9) Abbiamo notato l'assenza di una mobilitazione di massa, a cosa la attribuisce?

R: Abbiamo auspicato e ci siamo mobilitati, contattando anche direttamente esponenti di altre associazioni islamiche, per la realizzazione di una manifestazione unitaria il sabato successivo al martirio di Shaykh Yassin. Purtroppo, per ragioni che non sappiamo, tutti hanno declinato il nostro invito. Sicuramente, se avessimo avuto la forza numerica, saremmo andati anche da soli a ricordare il martirio di un importante uomo religioso islamico, di scuola sunnita, così come hanno fatto gli sciiti ovunque nel mondo (vedi Iran, Iraq, Libano, ecc.).


10) Israele ora cerca di alimentare allarmismo, passando immediatamente dalla parte della vittima. Non ultima la chiara sceneggiata del bambino assoldato per farsi esplodere. Come interpretate tali gesti?

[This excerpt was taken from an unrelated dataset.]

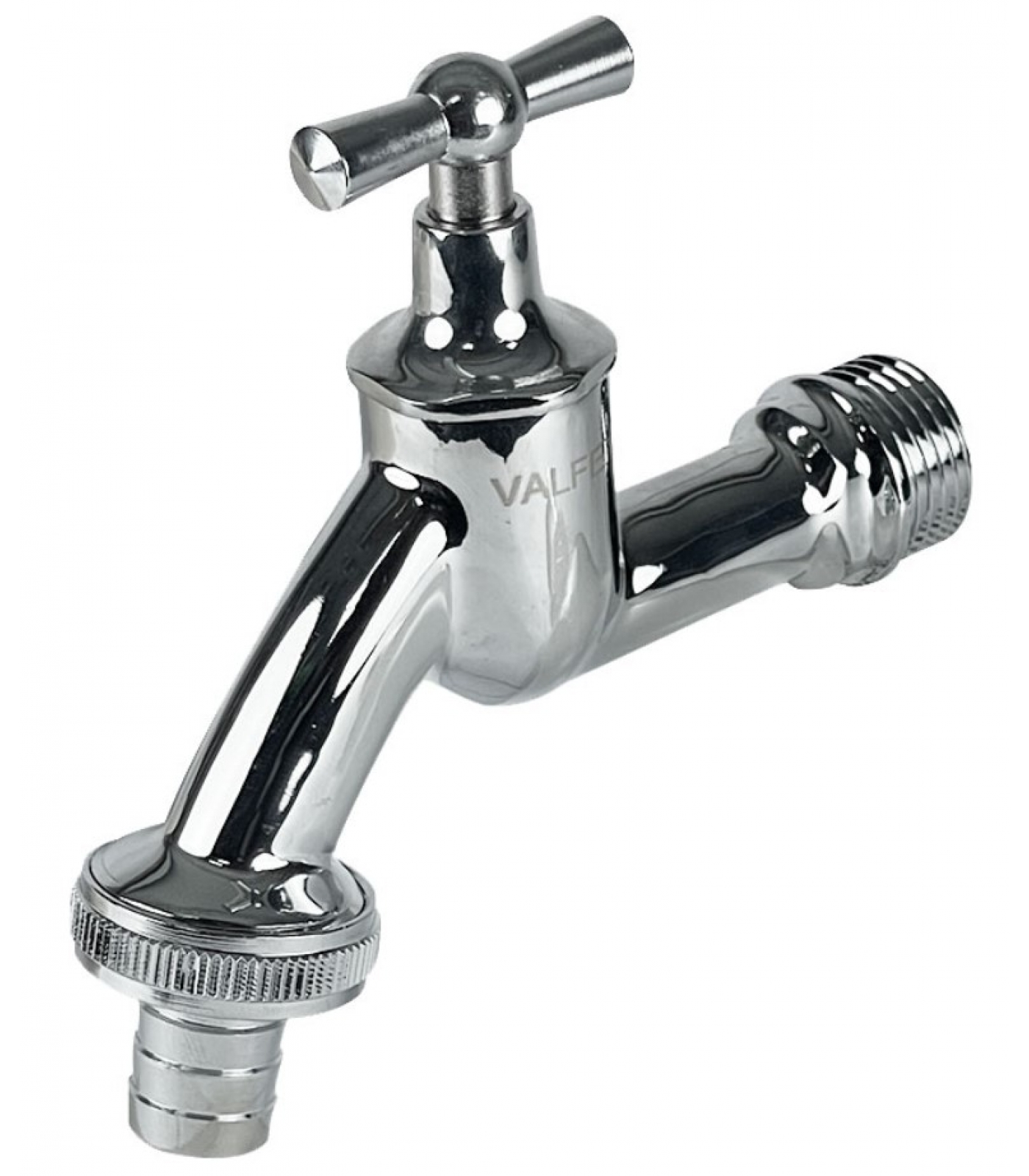 Вентиль водоразборный 3/4" Valfex латунный со штуцером, ручка-бабочка, декор, хром
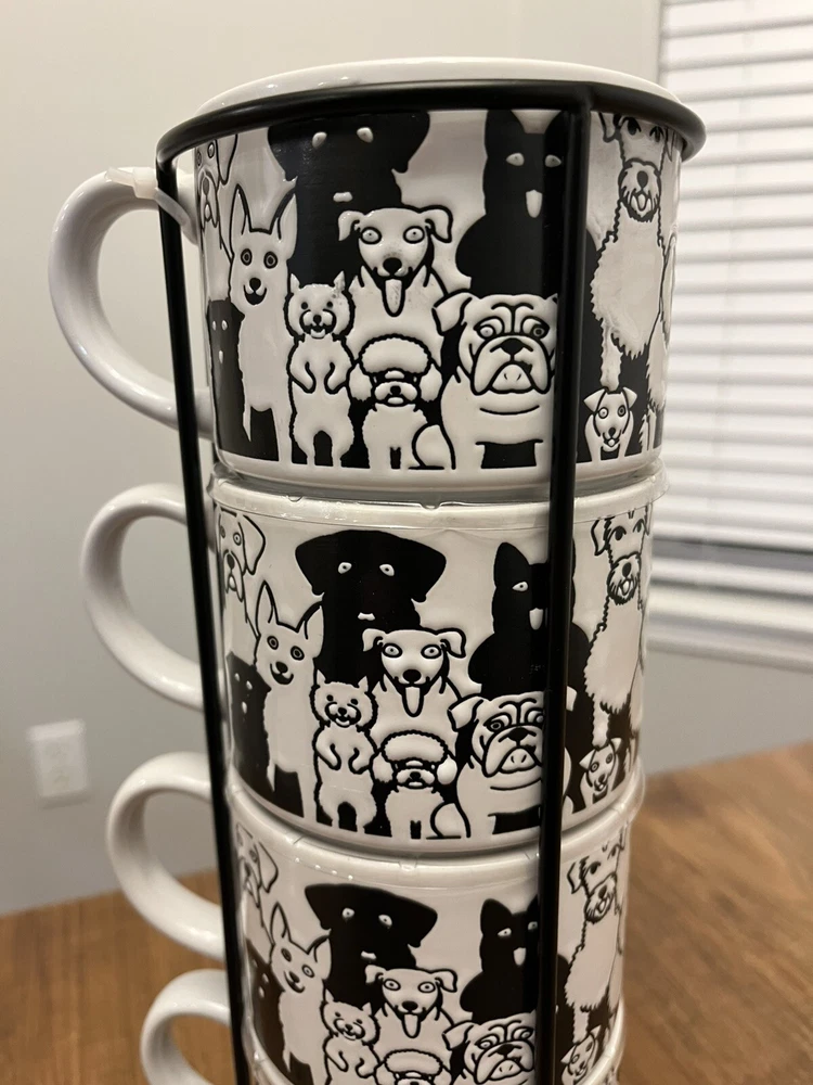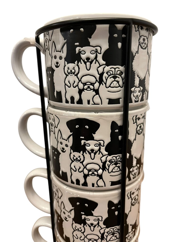 Style:ContemporaryBrand:WhiteTheme:Dogs & Puppies, Mugs, Stackable MugsFeatures:StackableOccasion:All Occasions, Birthday, Adult, Christmas, Father's Day, Good Luck, Other World Celebrations, Summer, Spring, WinterColor:Black And WhitePersonalize:NoShape:RoundMaterial:CeramicSet Includes:MugPattern:DogsType:Coffee Mug SetNumber of Items in Set:Five-PieceCountry/Region of Manufacture:China

R: Israele si è sempre nutrita di propaganda antiaraba e antiislamica, rifacendosi per questo anche al più becero razzismo europeo. Per fare un esempio, all’indomani dell’11 settembre – che le indagini in corso mostrano sempre di più come una strage di Stato – i palestinesi furono additati, di fronte ad un’opinione pubblica mondiale sconcertata, come le uniche persone al mondo che gioivano per quell’orrendo crimine. Non dimentichiamo inoltre che la moltiplicazione propagandistica del numero dei morti avuti dagli ebrei nel secondo conflitto mondiale, è stata sapientemente sfruttata per giustificare la deportazione dei palestinesi e la nascita dell’entità sionista. Gli studi di ebrei come N. Finkelstein non hanno fatto altro che confermare ciò. L’utilizzo dei cristiani o di fazioni politiche occidentali contro l’Islam è inoltre un’altra delle tattiche utilizzate da Israele.


11) Cosa si aspetta nel prossimo futuro?

R: Per quanto riguarda gli scenari internazionali, temiamo che Israele possa realizzare azioni terroristiche in tutto il mondo, facendone ricadere la responsabilità su sedicenti organizzazioni islamiche, allo scopo di dividere sempre più l’Europa ed il mondo islamico. In relazione all’omicidio di Shaykh Yassin, crediamo che azioni vili come queste rappresentino gli ultimi rantoli di un mostro ormai privo di forza che si sta avviando verso la dissoluzione, insh’Allah.